___ MATERIAL PROVIDED ___

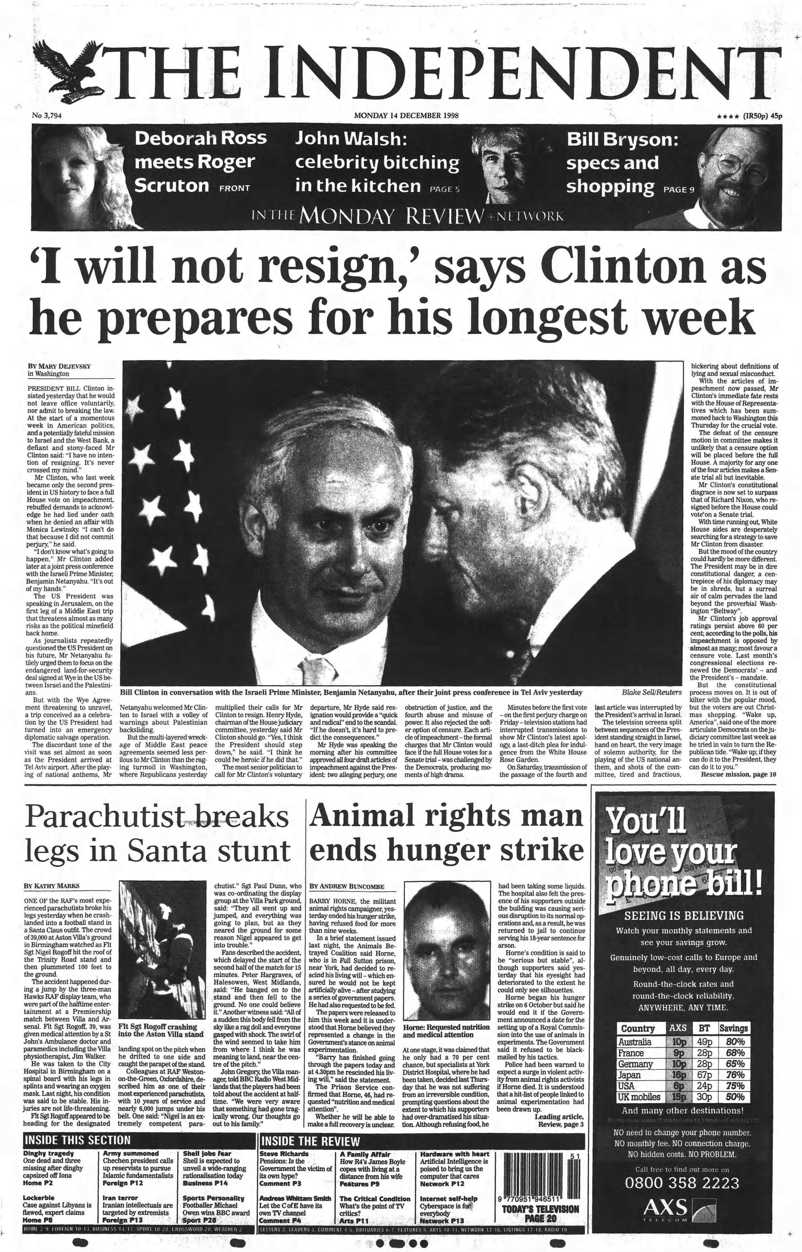 President Bill Clinton insists he will not resign as he faces a full House vote on impeachment. Speaking at the start of a high-stakes visit to Israel and the West Bank, he rebuffs calls to admit he lied under oath about his relationship with Monica Lewinsky. “I don’t know what is going to happen,” Clinton says at a joint press conference with Israeli prime minister Benjamin Netanyahu, as political pressure intensifies in Washington.
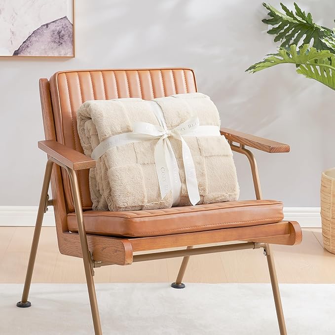 Cozy Bliss Tan Checkered Faux Rabbit Fur Throw Blanket, Soft Fuzzy Fluffy Minky Furry Blankets for Couch, Bed (50 * 60 Inches Beige)
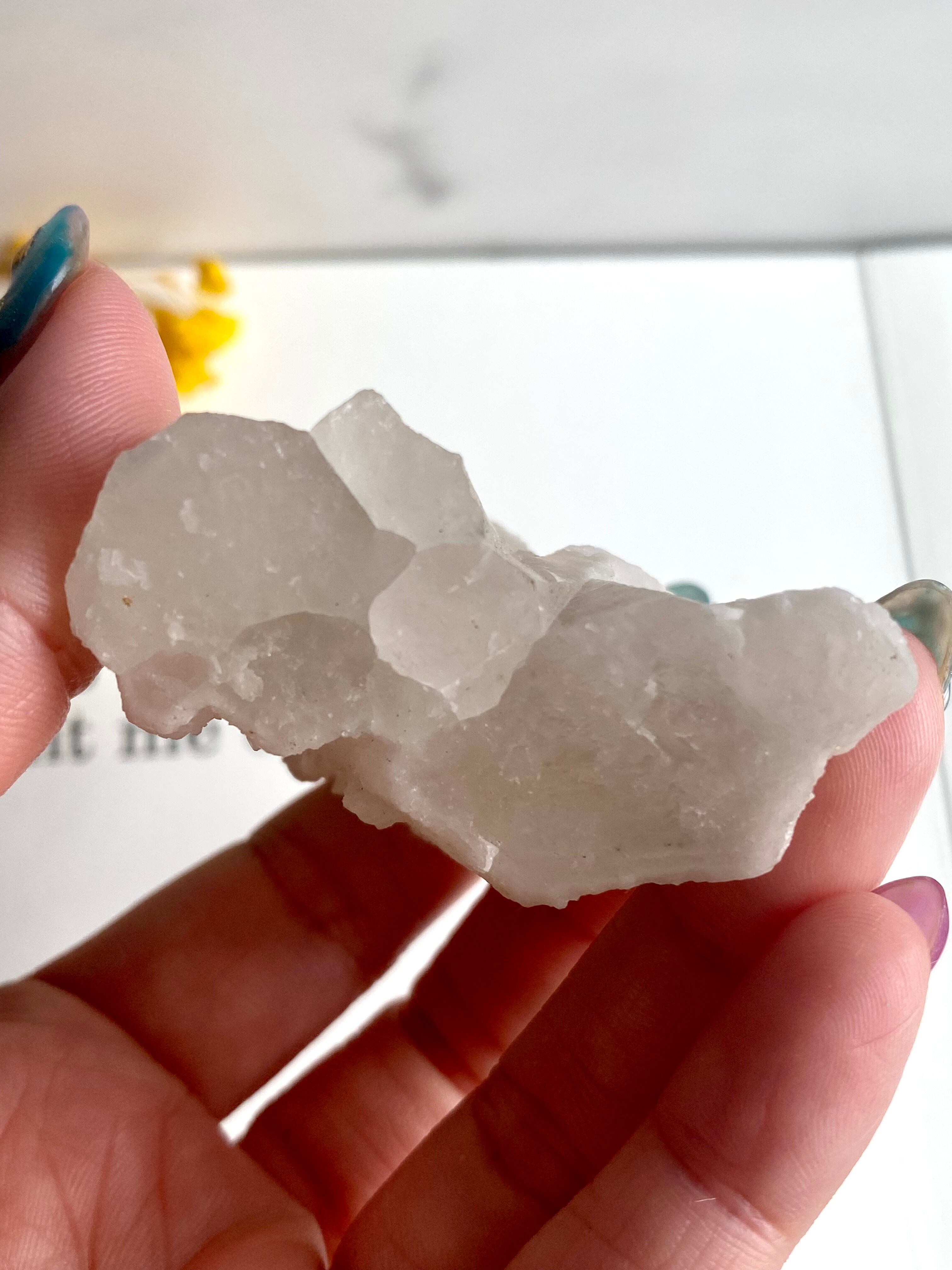 カルサイトに包まれたキャンドルクォーツ。大きさも丁度良く、握るとホッとする感覚があります。

___

### YOUR GOAL:
With pictures excluded, the data must be transcribed in full and to the letter.

### RESULT OF THIS TASK:
 President Bill Clinton insists he will not resign as he faces a full House vote on impeachment. Speaking at the start of a high-stakes visit to Israel and the West Bank, he rebuffs calls to admit he lied under oath about his relationship with Monica Lewinsky. “I don’t know what is going to happen,” Clinton says at a joint press conference with Israeli prime minister Benjamin Netanyahu, as political pressure intensifies in Washington.
 Cozy Bliss Tan Checkered Faux Rabbit Fur Throw Blanket, Soft Fuzzy Fluffy Minky Furry Blankets for Couch, Bed (50 * 60 Inches Beige)
 カルサイトに包まれたキャンドルクォーツ。大きさも丁度良く、握るとホッとする感覚があります。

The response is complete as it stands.